Haiti's top electoral officer, Gaillot Dorsinvil, hailed what he called the large turnout of voters in the first presidential run-off vote in the Caribbean nation, where elections have often been marred by fraud and violence.

The close race presented Haiti's 4.7 million voters with a choice between a political newcomer, energetic entertainer and singer Michel Martelly, 50, and former first lady Mirlande Manigat, 70, a law professor and opposition matriarch.

Recent opinion polls showed Martelly ahead of Manigat.

Police and local officials said three people were killed in electoral violence, two in the central Artibonite region and one at Mare Rouge in the northwest. U.N. peacekeepers intervened in scattered incidents, firing in the air in one location to separate fighting rival supporters.

But, despite delays caused by initially missing electoral materials, especially at polling stations in the capital Port-au-Prince, international observers said voting seemed to have gone much more smoothly than the chaotic first round on November 28, which dissolved into fraud allegations and unrest.

"All in all it looked like a much better day ... I think it was a more relaxed atmosphere, despite the material problems," Ambassador Colin Granderson, head of the Organization of American States/Caribbean Community election observer mission in Haiti, told Reuters.

International donors hope the run-off vote can elect a capable, legitimate leadership in one of the world's poorest nations to steer a post-quake reconstruction that requires billions of dollars of aid.

Many polling stations in the capital did not open on time because materials, such as ink to mark voters' fingers and ballot papers, did not arrive early. But as the day progressed, these problems were mostly resolved, officials said.

While polling centers in most of Haiti closed as scheduled at 4 p.m. (5 p.m. EDT), voting was extended by one hour in the Port-au-Prince metropolitan area to make up for the delays.

LONG WAIT FOR RESULTS

The counting of ballots was due to begin immediately, but under Haiti's election law, the Provisional Electoral Council, or CEP, is only scheduled to announce preliminary results on March 31, and confirm the final results on April 16.

There are fears the long wait could cause impatience and possible protests, but CEP officials said both candidates have agreed to make no victory declarations and hold no rallies until the first results were announced -- no easy task in a country known for its volatile politics.

Outgoing President Rene Preval appealed for calm. "I hope ... the results won't have any trouble," he told reporters.

Both candidates voted in the capital.
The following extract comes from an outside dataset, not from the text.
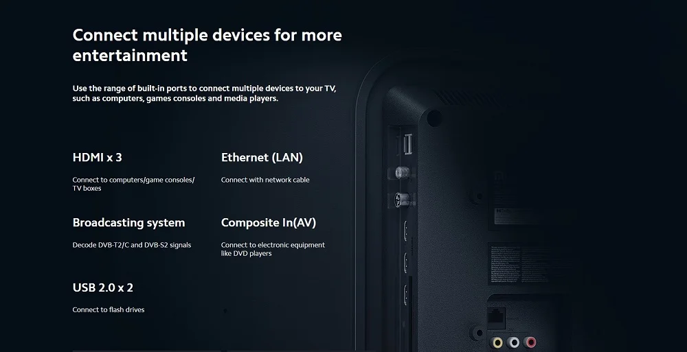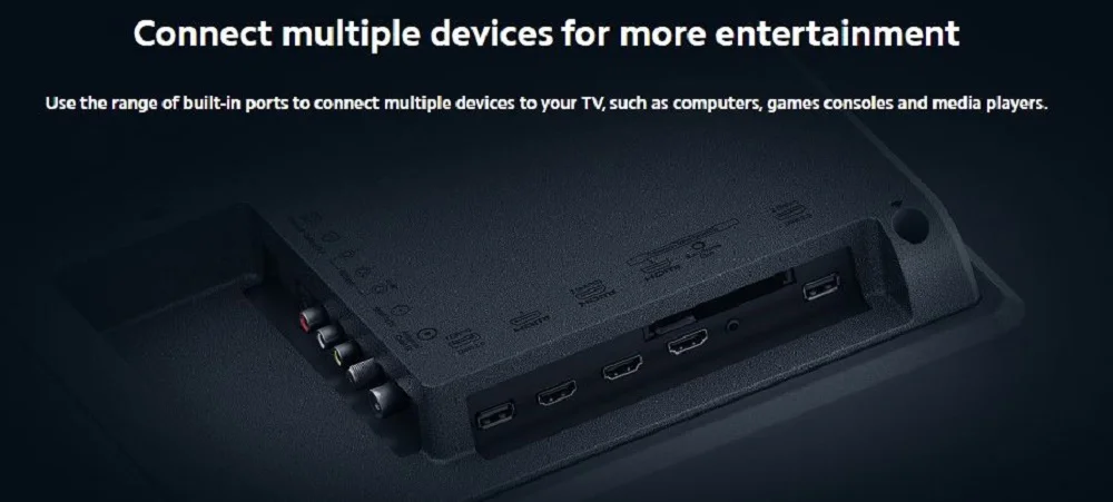 Use the range of built-in ports to connect multiple devices to your TV, such as computers, games consoles and media players.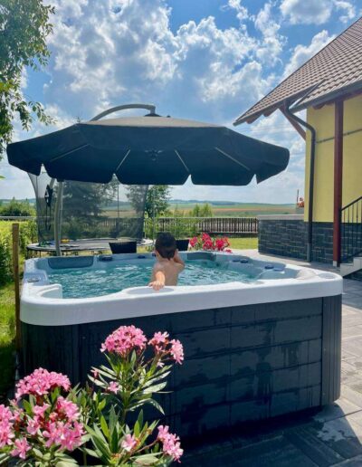 Kerthelyiség tágas, rendezett, melyben a pihenést és a kényelmet napozóágyak, kerti kiülők valamint luxus masszázsélményt biztosító jakuzzi szolgáltatja.

Martelly, who has promised to change a country weary of corruption and mismanagement, was mobbed by cheering supporters when he cast his vote in the Petionville district.
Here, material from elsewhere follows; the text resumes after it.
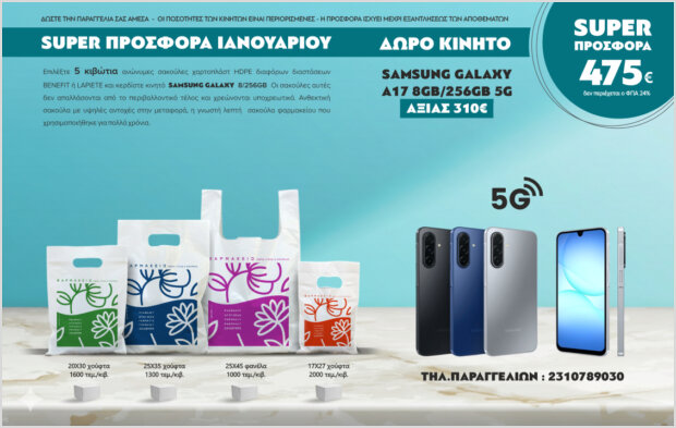 Super Προσφορά 475€: Κερδίστε ΔΩΡΟ το κινητό με την αγορά 5 κιβωτίων ανώνυμων σακουλών BENEFIT ή LAPIETE.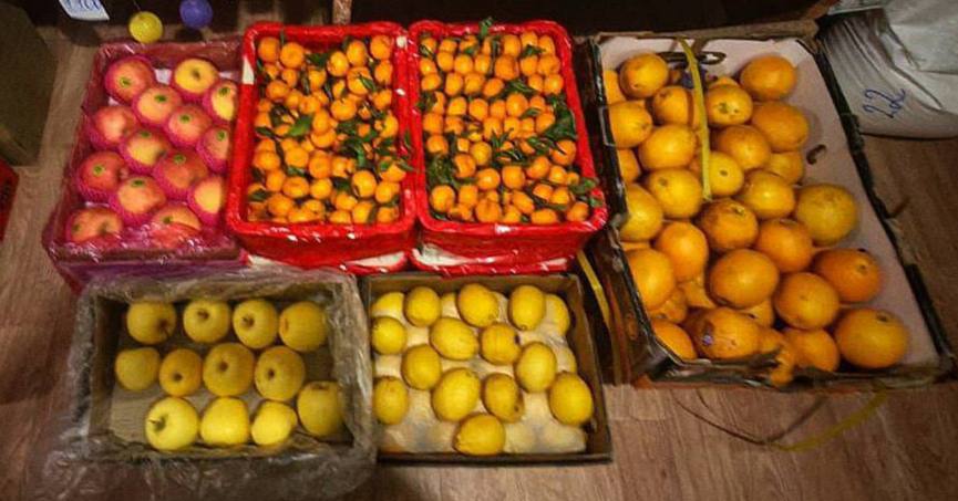 В перечне доставленных товаров: свежие овощи (картофель, лук, капуста, морковь, свёкла), фрукты (яблоки, мандарины, лимоны), а также колбасные изделия, сыры и социально значимые товары.

"We are living a historic moment, I feel the enthusiasm and I am delighted change has finally come," he told Reuters.

U.N. troops protected voting centers with local police, and U.N. armored vehicles rumbled through the capital's streets, many still strewn with debris left from last year's quake.

Voters expressed satisfaction after casting their ballots, but some said they would watch out for fraud. "The task is not over, we remain vigilant," said Michel Magloire, 35.

"We are hoping for a better life ... but only God knows," said another voter, Adeline Hyppolite, 50, whose husband had been disabled in the earthquake.

Weighing on many Haitians' minds as they voted was the reappearance of former President Jean-Bertrand Aristide, who arrived back from exile on Friday.

The return of the left-wing populist, who still commands a big following in Haiti, was opposed by the United States and United Nations as potentially disruptive. But Aristide is not a candidate and aides have said he will stay out of politics.

Aristide, who was driven into exile by a 2004 rebellion, has not clearly endorsed any candidate and he made no public statement on Sunday.

Many voters said if Aristide, revered as a champion of the poor, had been a candidate, they would have voted for him.

A confused incident on the eve of the vote involving Haitian-American hip hop star Wyclef Jean, who backs Martelly, led to a report that Jean had been shot in the hand.

But Vanel Lacroix, police chief in Petionville where Jean is staying, said he had suffered only a minor cut to his hand from glass in an apparent accident.